Databricks Assistant ondersteunt twee typen instructies: gebruikersinstructies en werkruimte-instructies. Tenzij anders wordt aangegeven, geeft de assistent over het algemeen prioriteit aan werkruimte-instructies boven gebruikersinstructies.

Gebruikersinstructies toevoegen

Met gebruikersinstructies kunt u instructies op systeemniveau aan de Assistent geven. Ze zijn een permanente manier om context, voorkeuren of voorkeurscreatiemethoden te delen. Deze instructies zijn specifiek voor u en worden alleen toegepast op uw interacties met de Assistent.

Gebruikersinstructies toevoegen:

  1. Open het deelvenster Assistent door op het sparkle-pictogram te klikken. Klik in de rechterbovenhoek van uw werkruimte.

  2. Klik in het deelvenster Assistent op tandwielpictogram. U opent de instellingen van de assistent.

    Instructies voor assistent toevoegen.

  3. Klik onder Gebruikersinstructies op Het bestand Instructies toevoegen. Hiermee maakt u een .assistant_instructions.md bestand in de standaardmap van de gebruikerswerkruimte (/Gebruikers/<uw-gebruikersnaam-of-e-mailadres>) en wordt het geopend op een nieuw tabblad bestand.

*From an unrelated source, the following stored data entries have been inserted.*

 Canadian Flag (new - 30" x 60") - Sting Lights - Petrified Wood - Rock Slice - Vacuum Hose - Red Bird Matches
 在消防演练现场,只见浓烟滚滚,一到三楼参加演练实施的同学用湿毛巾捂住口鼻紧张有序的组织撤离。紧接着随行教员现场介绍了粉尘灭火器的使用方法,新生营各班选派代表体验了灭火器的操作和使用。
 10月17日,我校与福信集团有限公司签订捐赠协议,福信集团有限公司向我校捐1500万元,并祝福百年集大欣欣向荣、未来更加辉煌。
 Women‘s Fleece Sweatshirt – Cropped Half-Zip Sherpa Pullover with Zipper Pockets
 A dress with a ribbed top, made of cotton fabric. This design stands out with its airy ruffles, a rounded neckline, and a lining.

    Als u al een instructiesbestand hebt gemaakt, klikt u op Het bestand Met instructies openen om het bestand te openen.

  4. Bewerk het .assistant_instructions.md bestand om uw aangepaste instructies toe te voegen. Databricks raadt u aan uw instructies toe te voegen in tekst zonder opmaak, waarbij elke instructie wordt gescheiden als een nieuw opsommingsteken of nieuwe alinea. Zie aanbevolen procedures voor instructies voor assistenten.

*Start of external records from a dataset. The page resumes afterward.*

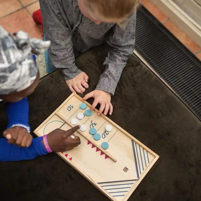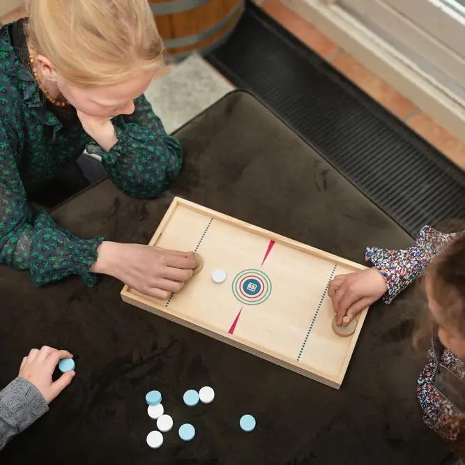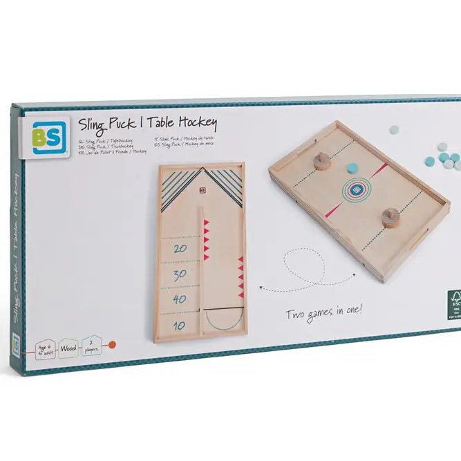 Två spel i ett! Försök att få så många poäng som möjligt när du spelar Sling Puck. Eller vänd brädet för en härlig omgång bordshockey!
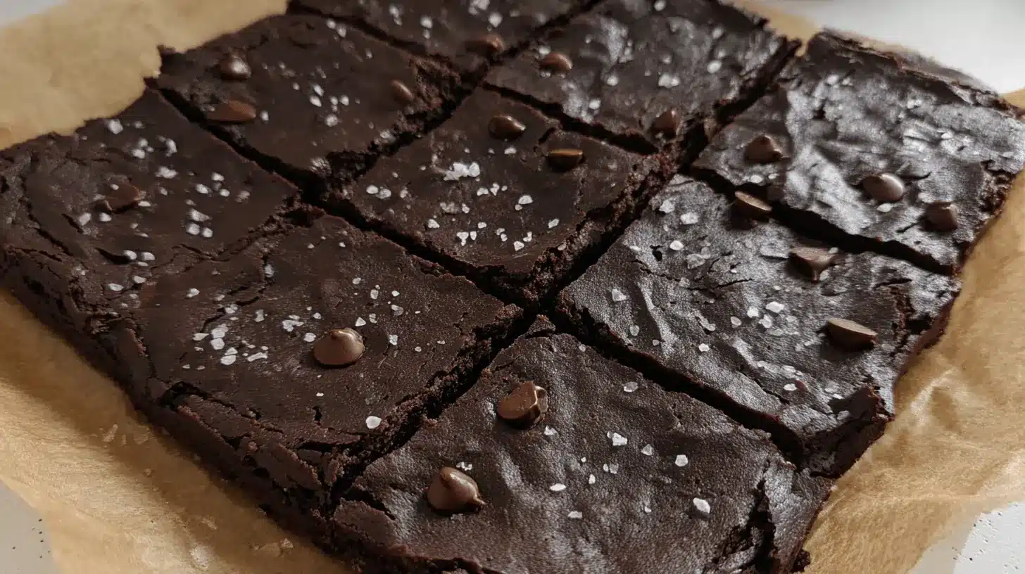 - Allow the brownies to cool completely, then top with flaky sea salt before serving.
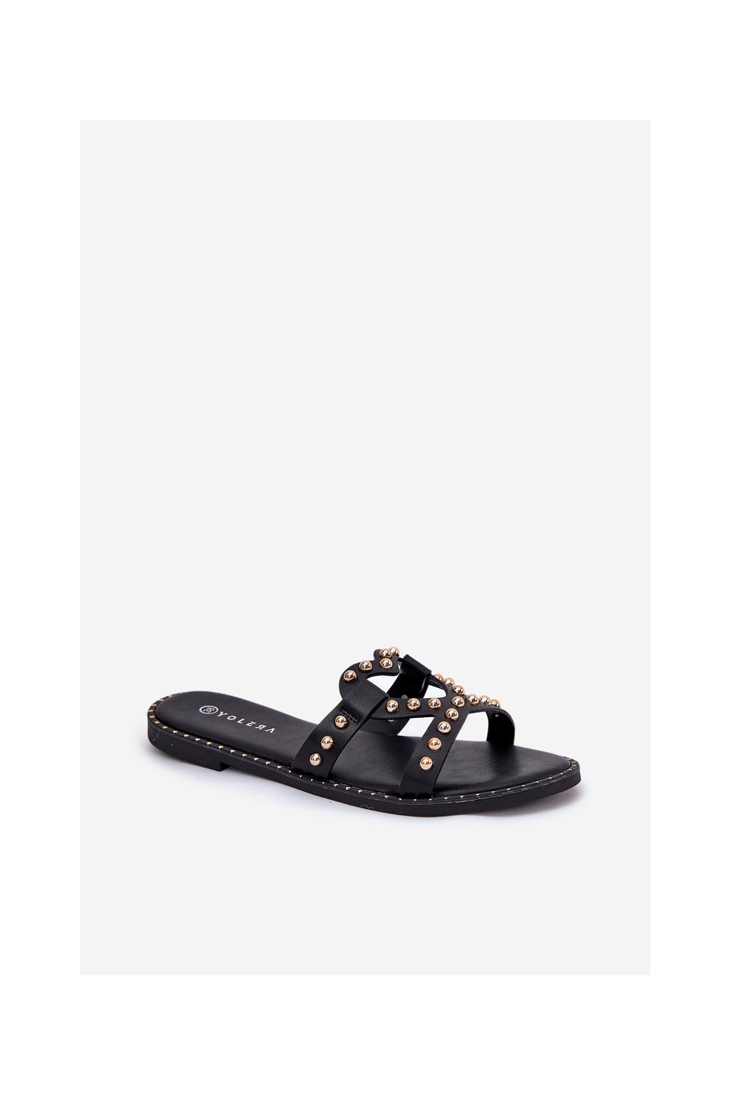 Čierne dámske elegantné šľapky z ekokože na rovnej podrážke, pohodlné letné žabky, kód produktu GH5173-1 BLACK
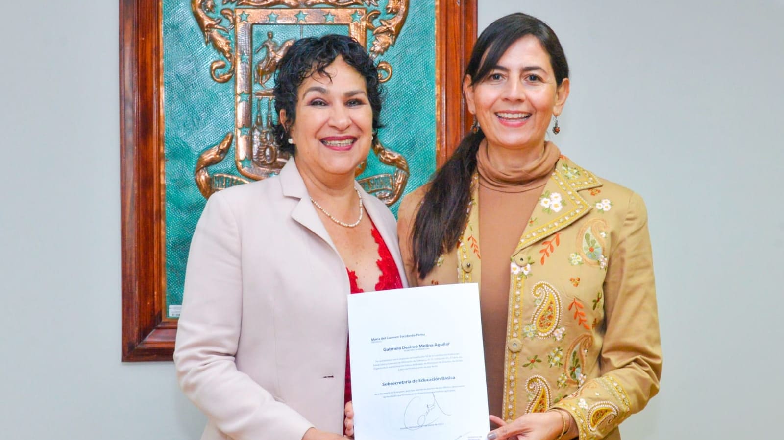 Morelia, Michoacán, 21 de diciembre del 2022.- María del Carmen Escobedo Pérez recibió este miércoles su nombramiento como subsecretaria de Educación Básica, de manos de la titular de la Secretaría de Educación del Estado (SEE), Gabriela Molina Aguilar.

De assistent haalt automatisch de instructies op wanneer u de volgende keer met de assistent werkt.

U kunt de Assistent ook gebruiken om instructies voor u toe te voegen. Gebruik /addInstructions de opdracht in het deelvenster Assistent of een invoervak voor inlineassistent.

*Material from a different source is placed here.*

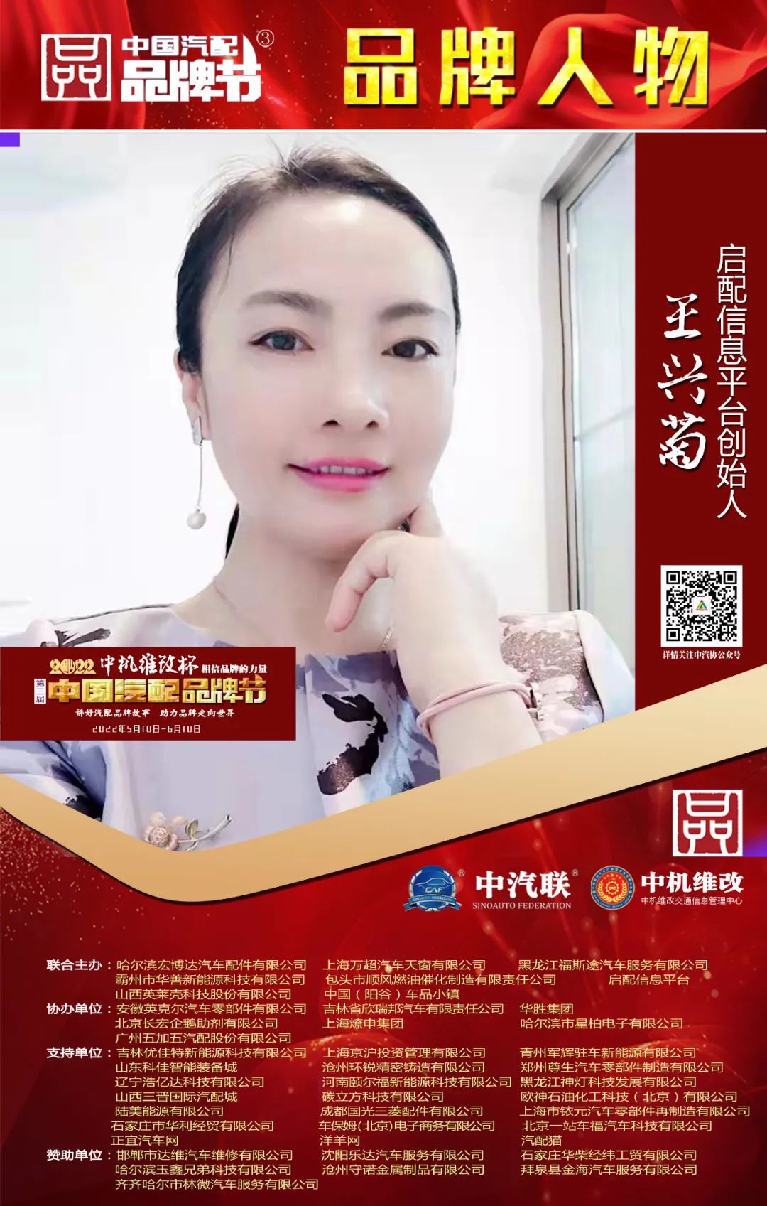 據(jù)《2022中國(guó)汽配品牌榜》榜單顯示:?jiǎn)⑴湫畔⑵脚_(tái)創(chuàng)始人王興菊榮膺“2022中國(guó)汽配行業(yè)杰出品牌人物”、啟配榮膺“2022中國(guó)汽配行業(yè)推薦新銳品牌”兩項(xiàng)大獎(jiǎng)。

Voeg een instructie toe met Assistent.

Werkruimte-instructies toevoegen en weergeven

Opmerking

Alleen werkruimtebeheerders kunnen werkruimte-instructies toevoegen of bewerken.

Werkruimte-instructies worden geconfigureerd door uw werkruimtebeheerder en bieden meer context aan de Assistent om deze te helpen richtlijnen te volgen en efficiƫnter te werken in uw werkruimte.

Als uw werkruimte nog geen werkruimte-instructies heeft, kan een werkruimtebeheerder het instructiesbestand maken door de volgende stappen uit te voeren:

  1. Maak in de Workspace/ map van de werkruimte een nieuw bestand met de naam .assistant_workspace_instructions.md.
  2. Bewerk het bestand om instructies toe te voegen voor de Assistent die werkruimtebreed moet toepassen. Databricks raadt u aan uw instructies toe te voegen in tekst zonder opmaak, waarbij elke instructie wordt gescheiden als een nieuw opsommingsteken of nieuwe alinea. Zie aanbevolen procedures voor instructies voor assistenten.

De assistent haalt automatisch de nieuwe werkruimte-instructies op wanneer een gebruiker er de volgende keer mee werkt.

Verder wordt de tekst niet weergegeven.